Anyone involved in route scouting or regulatory submissions appreciates the wealth of supporting documentation that comes with established intermediates. 2-bromo-4-nitropyridine features in numerous patents and journal articles, covering areas from drug target exploration to crop protection agent synthesis. This breadth enables fast project ramp-up, since many technical problems encountered have already been solved and shared. For regulatory teams, prior use in commercial research drugs and industrial-scale processes adds reassurance about impurity handling, analytical methods, and worker safety.

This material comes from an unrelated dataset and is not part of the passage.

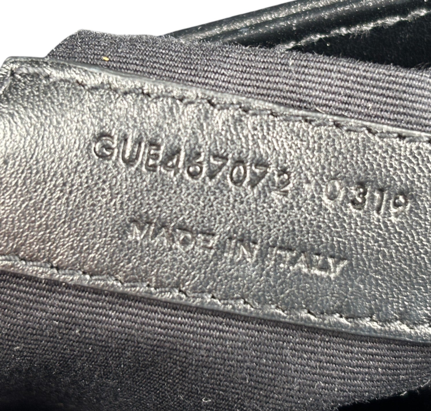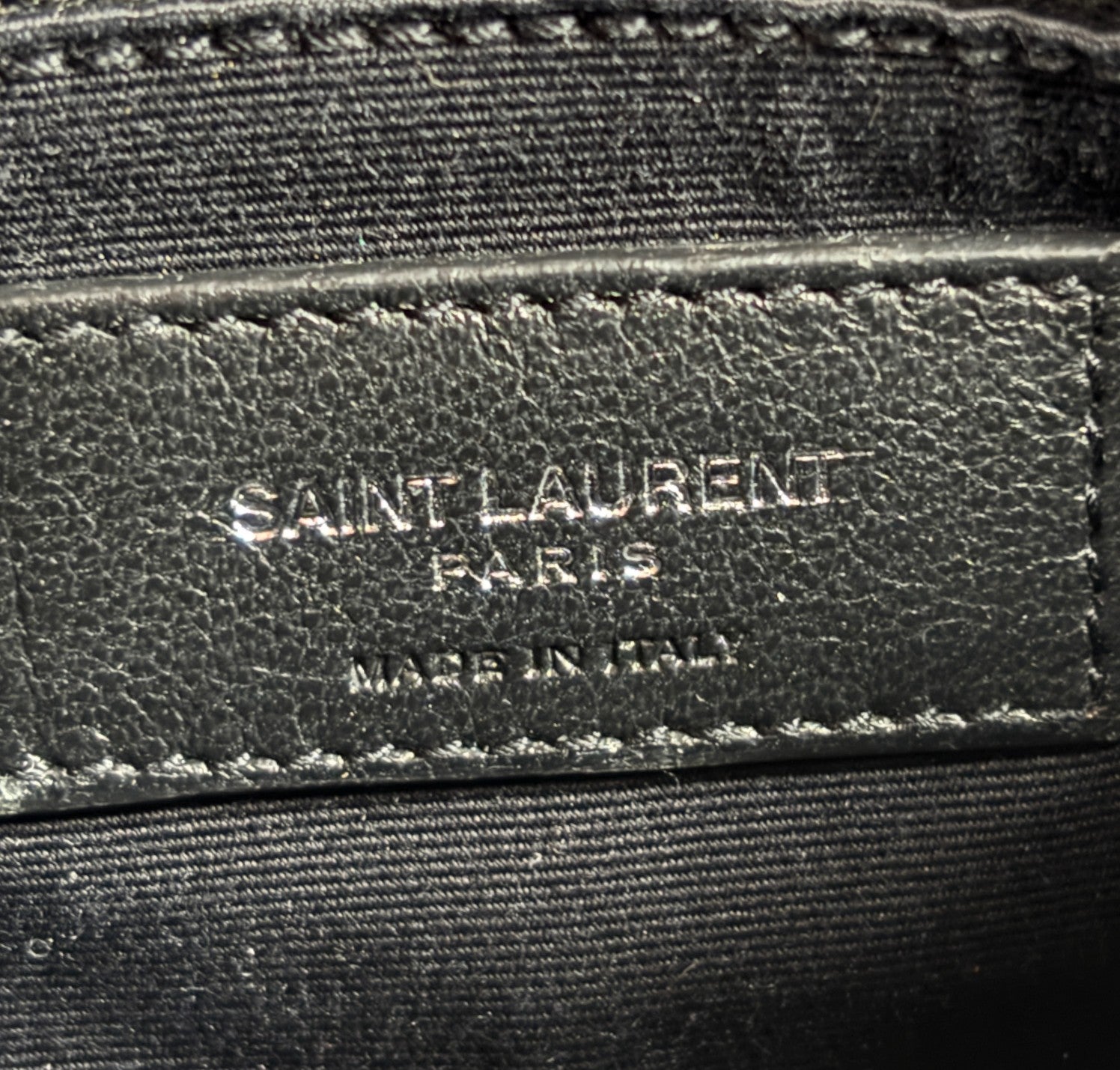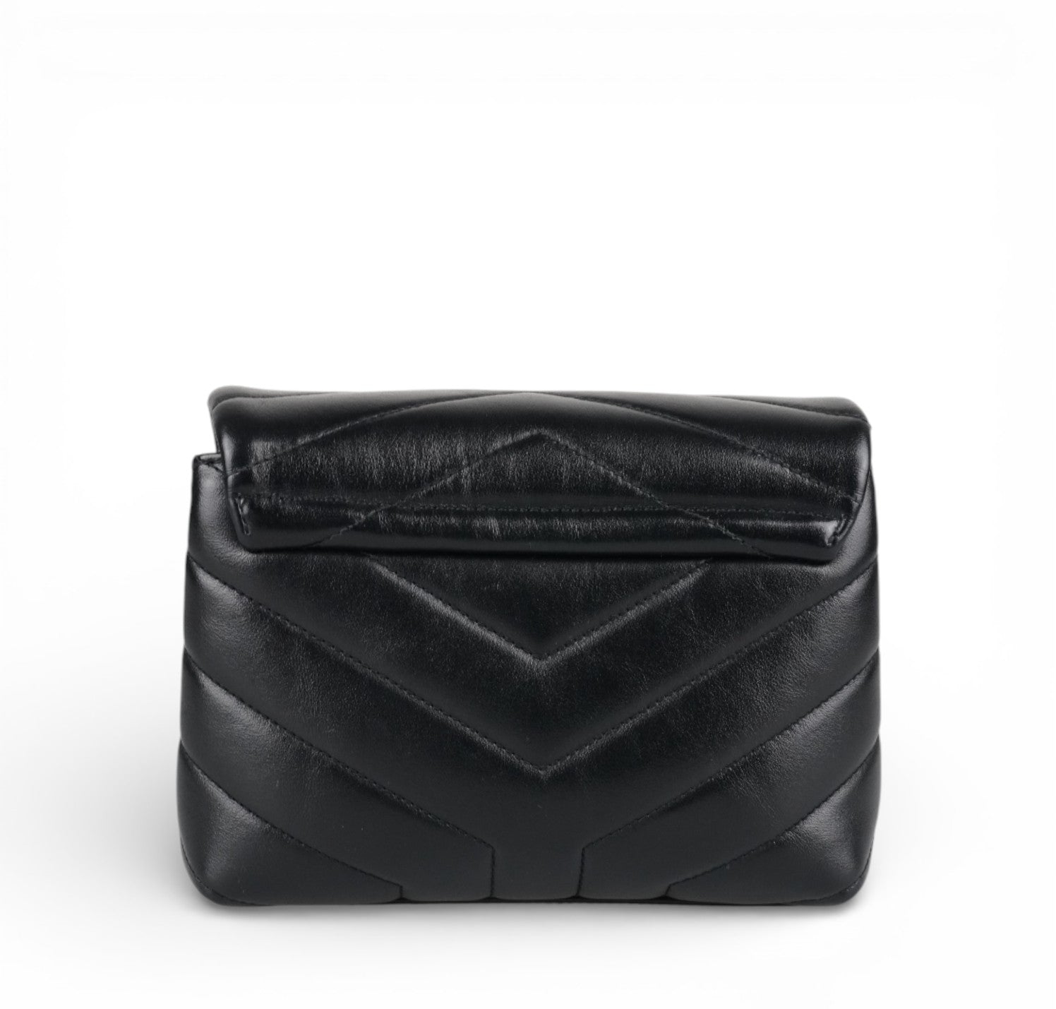 Saint Laurent bag, Loulou model, Toy size, made of Black Leather. Silver-colored hardware. Practical and functional, ideal for both day and night use. Equipped with a removable and adjustable shoulder strap. Wearable on the shoulder, crossbody bag, or even as a Pouch by hand. Front snap closure embellished with YSL logo. Fabric-lined interior with two compartments, zip pocket. Very light signs of general use.

Looking back at my own experience with regulatory filings, compounds with a substantial literature footprint make risk assessment, impurity mapping, and toxicological evaluation far less stressful. Questions rarely concern the intermediate itself, but rather focus on the novel compounds derived from it, freeing development teams to focus resources where they matter most: new science, not regulatory troubleshooting.
While 2-bromo-4-nitropyridine already enjoys solid support from established markets, it remains fertile ground for innovation. As new catalysts, more selective coupling partners, and milder conditions become available, this molecule earns a place in updated protocols. Researchers interested in late-stage functionalizations increasingly rely on the robust selectivity patterns that pyridine rings afford, and the combination of bromine and nitro substituents brings extra flexibility for those aiming to build more complex architectures.

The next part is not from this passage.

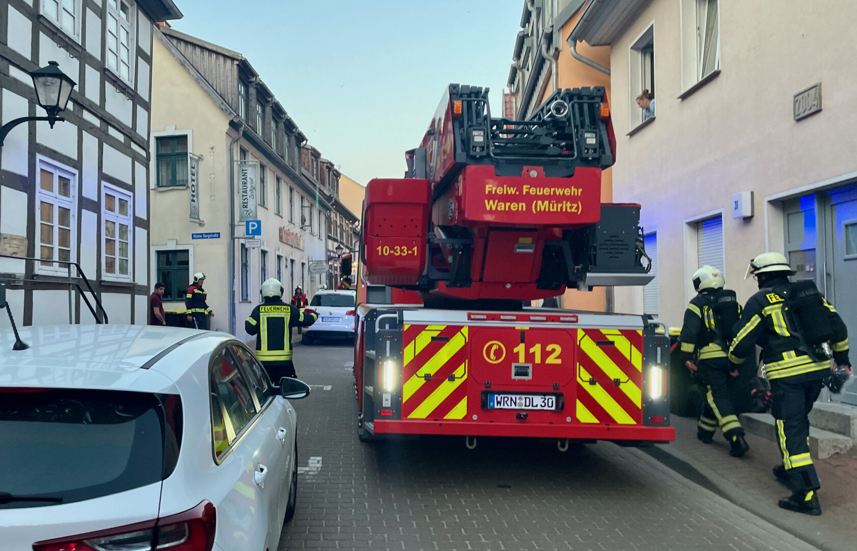 Warens Feuerwehr war mit mehreren Einsatzwagen vor Ort, außerdem der Rettungsdienst und die Polizei. Auch ein Mitarbeiter der Stadtwerke kam zum Einsatzort und führte eine Gasmessung durch.

The growing demand for efficient, scalable, and environmentally conscious chemical processes puts additional scrutiny on established reagents. In this climate, efforts to improve manufacturing efficiency, minimize waste, and explore biocatalytic or green alternatives spindle around a core of reliable starting materials. I’ve observed process teams eager to test continuous-flow methods, adapting existing transformations into safer, faster, and sometimes more sustainable processes. These incremental improvements only reinforce the long-term value of core intermediates like 2-bromo-4-nitropyridine.

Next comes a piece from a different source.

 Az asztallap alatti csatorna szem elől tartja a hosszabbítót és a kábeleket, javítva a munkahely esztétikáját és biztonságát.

More than just a reagent, 2-bromo-4-nitropyridine serves as an anchor point for project planning, collaborative research, and risk management in chemical development. Its unique combination of functional groups, established supply chains, and compatibility with a broad range of synthetic strategies make it a mainstay in both discovery and scale-up laboratories. For those in the trenches, shaving weeks off timelines or increasing yields by a few percentage points can mean the difference between a promising candidate and a missed opportunity.
Reliability matters. As chemical innovation moves faster, the need for intermediates that consistently deliver on their promise only increases. 2-bromo-4-nitropyridine fits that role comfortably, offering both newcomers and veterans in the field a dependable stepping stone toward the next generation of molecular solutions.